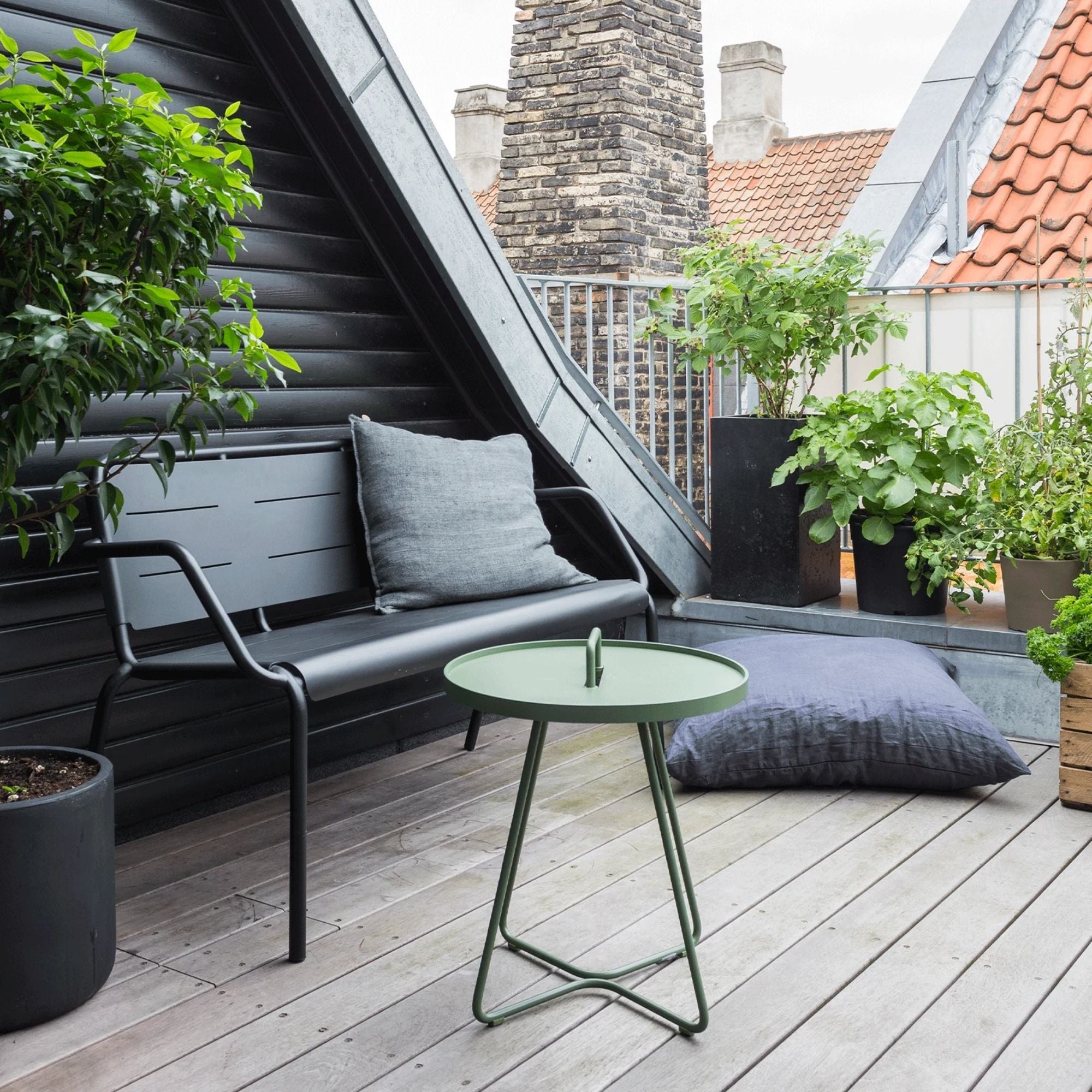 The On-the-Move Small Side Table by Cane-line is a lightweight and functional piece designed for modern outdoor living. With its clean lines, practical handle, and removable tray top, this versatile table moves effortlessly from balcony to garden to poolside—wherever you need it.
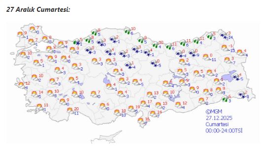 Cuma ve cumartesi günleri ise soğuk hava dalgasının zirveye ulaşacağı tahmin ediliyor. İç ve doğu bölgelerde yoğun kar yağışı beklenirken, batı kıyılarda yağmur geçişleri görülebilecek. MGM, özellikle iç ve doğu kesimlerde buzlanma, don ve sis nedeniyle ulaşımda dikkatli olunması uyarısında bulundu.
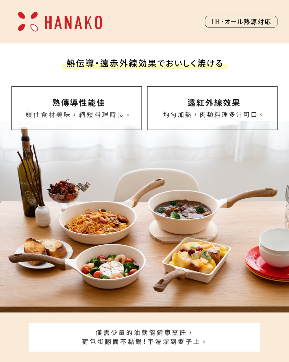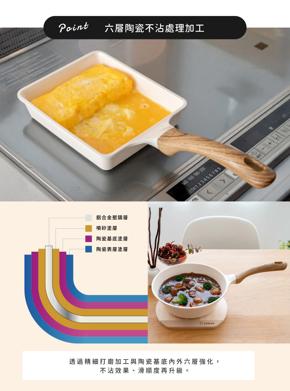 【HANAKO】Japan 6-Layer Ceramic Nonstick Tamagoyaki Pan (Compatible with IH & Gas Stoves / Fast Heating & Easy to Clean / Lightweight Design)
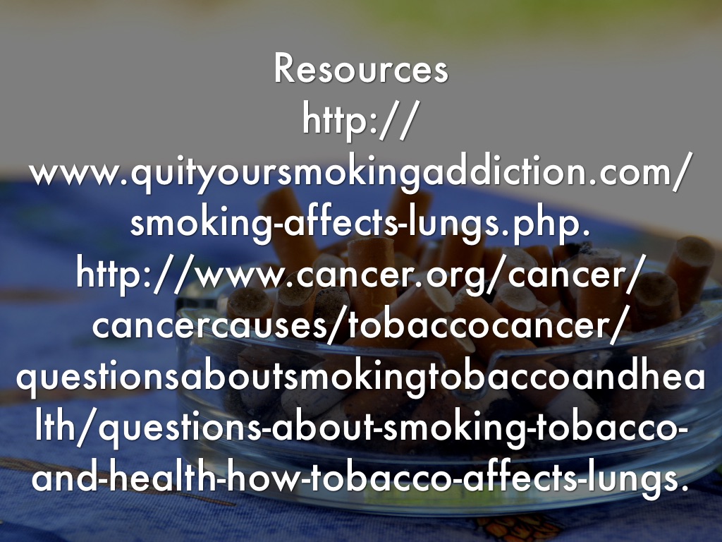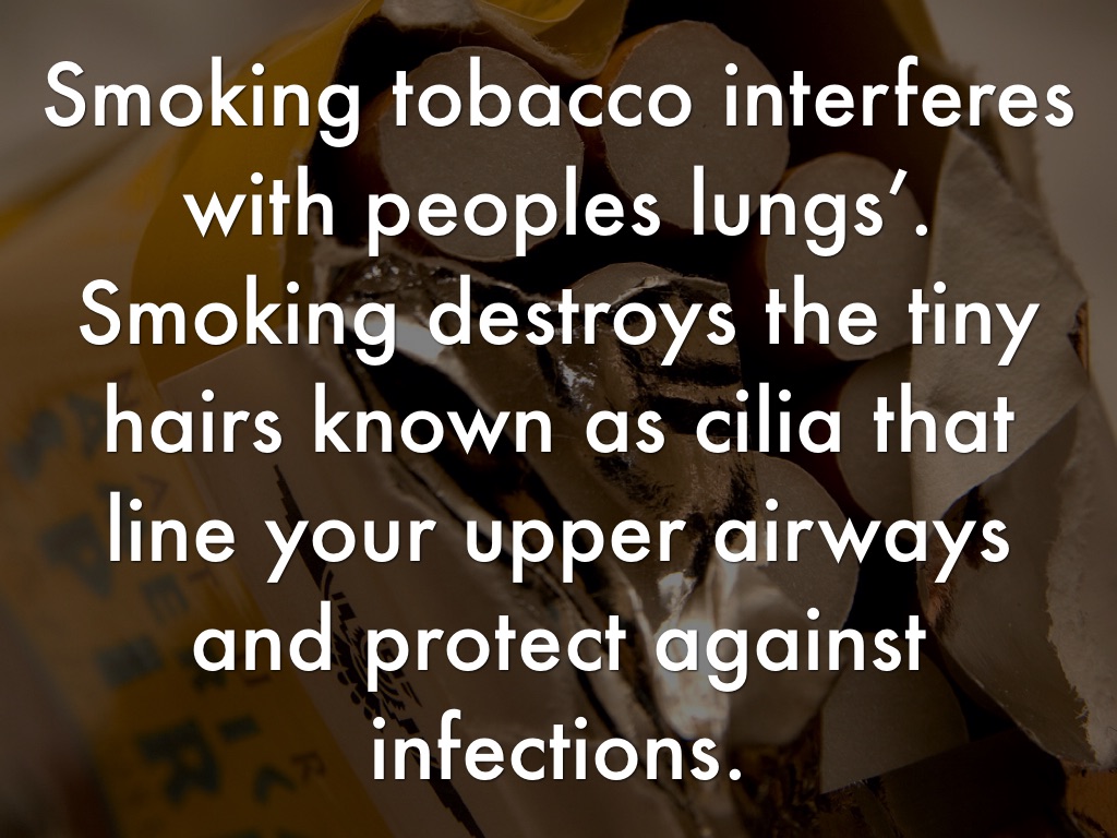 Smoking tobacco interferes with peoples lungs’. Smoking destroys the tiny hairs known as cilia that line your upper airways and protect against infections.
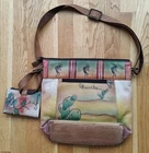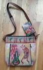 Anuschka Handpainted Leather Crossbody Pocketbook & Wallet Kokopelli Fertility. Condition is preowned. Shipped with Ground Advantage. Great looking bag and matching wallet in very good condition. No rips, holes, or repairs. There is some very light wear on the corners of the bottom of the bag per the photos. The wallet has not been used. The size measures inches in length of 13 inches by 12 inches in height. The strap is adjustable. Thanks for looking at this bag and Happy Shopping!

---

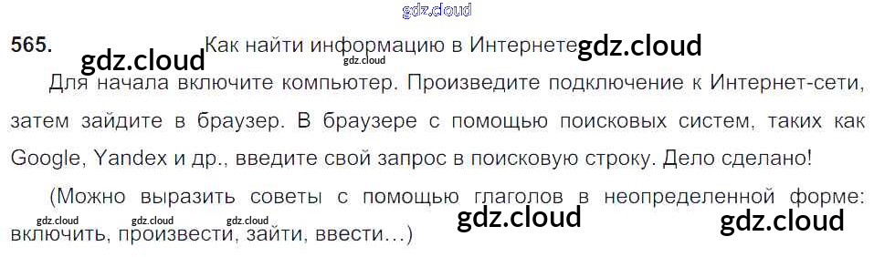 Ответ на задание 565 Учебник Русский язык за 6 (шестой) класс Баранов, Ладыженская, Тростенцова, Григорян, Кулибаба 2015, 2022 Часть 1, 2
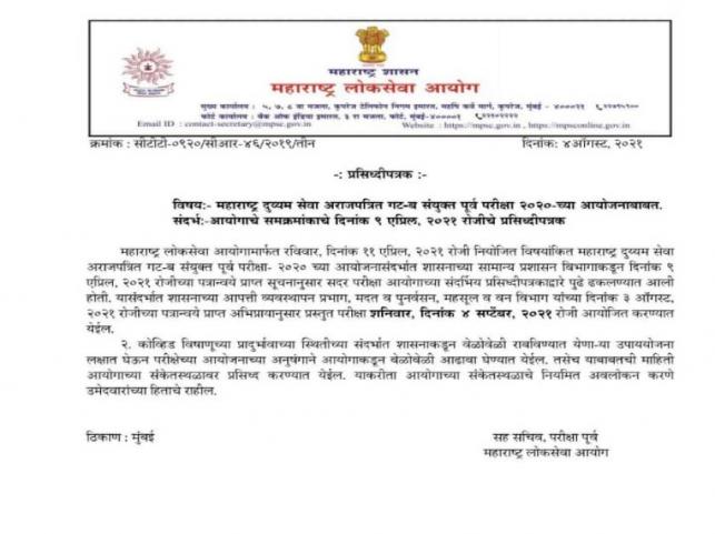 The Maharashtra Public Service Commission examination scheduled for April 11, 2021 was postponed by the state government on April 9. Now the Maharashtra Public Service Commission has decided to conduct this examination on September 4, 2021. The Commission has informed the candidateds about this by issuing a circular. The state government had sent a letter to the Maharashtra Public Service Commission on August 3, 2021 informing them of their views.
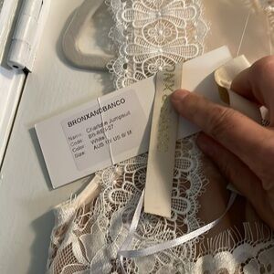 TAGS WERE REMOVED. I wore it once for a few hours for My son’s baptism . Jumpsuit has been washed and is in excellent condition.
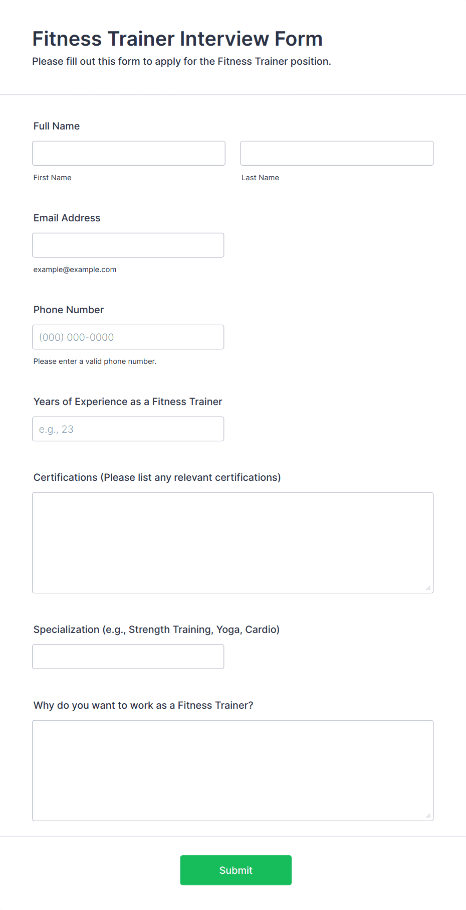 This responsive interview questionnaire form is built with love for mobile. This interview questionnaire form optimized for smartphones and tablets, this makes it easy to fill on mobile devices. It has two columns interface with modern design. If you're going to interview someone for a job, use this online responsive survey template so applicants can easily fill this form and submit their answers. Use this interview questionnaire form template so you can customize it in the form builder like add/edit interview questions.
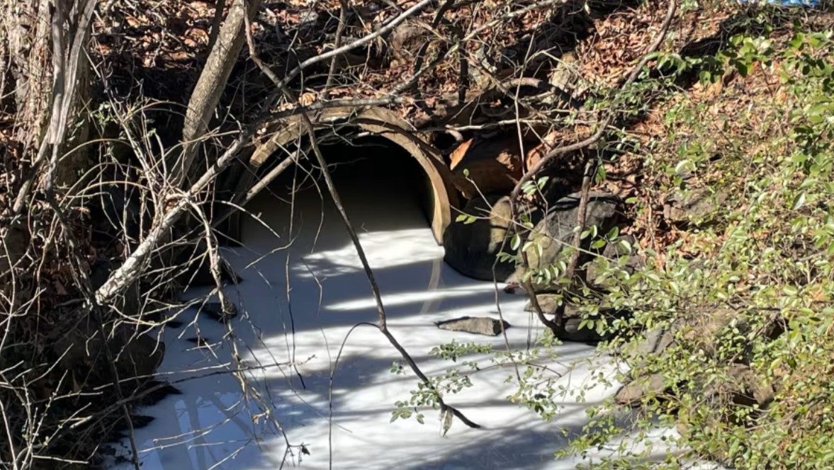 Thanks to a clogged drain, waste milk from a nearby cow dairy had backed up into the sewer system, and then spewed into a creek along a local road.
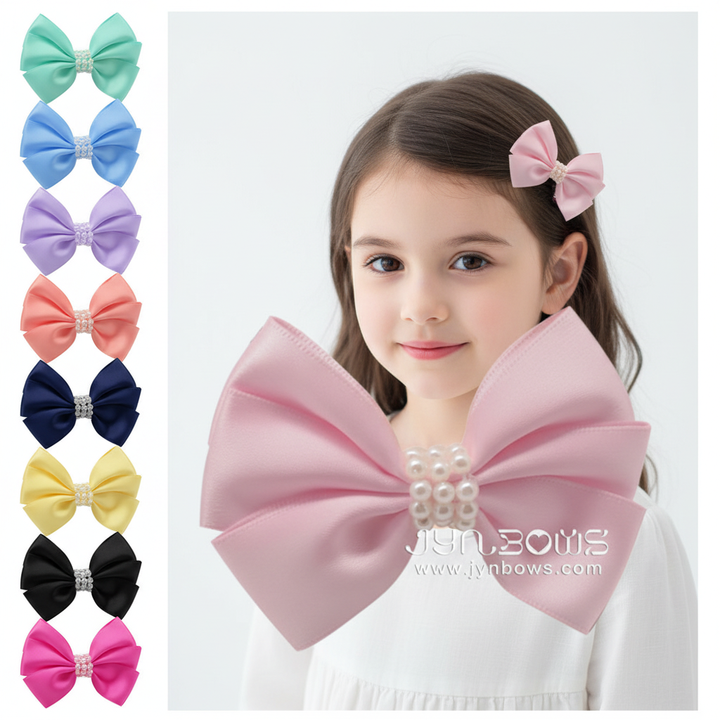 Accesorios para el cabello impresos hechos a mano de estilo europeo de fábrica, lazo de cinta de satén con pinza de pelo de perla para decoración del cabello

* [Task description]
Although pictures appear among the entries, please set down only the lines from the one with "Clean / Lightweight Design)" up to and including the one with "Anuschka Handpainted Leather", word for word.

* [Response box]
 【HANAKO】Japan 6-Layer Ceramic Nonstick Tamagoyaki Pan (Compatible with IH & Gas Stoves / Fast Heating & Easy to Clean / Lightweight Design)
 Smoking tobacco interferes with peoples lungs’. Smoking destroys the tiny hairs known as cilia that line your upper airways and protect against infections.
 Anuschka Handpainted Leather Crossbody Pocketbook & Wallet Kokopelli Fertility. Condition is preowned. Shipped with Ground Advantage. Great looking bag and matching wallet in very good condition. No rips, holes, or repairs. There is some very light wear on the corners of the bottom of the bag per the photos. The wallet has not been used. The size measures inches in length of 13 inches by 12 inches in height. The strap is adjustable. Thanks for looking at this bag and Happy Shopping!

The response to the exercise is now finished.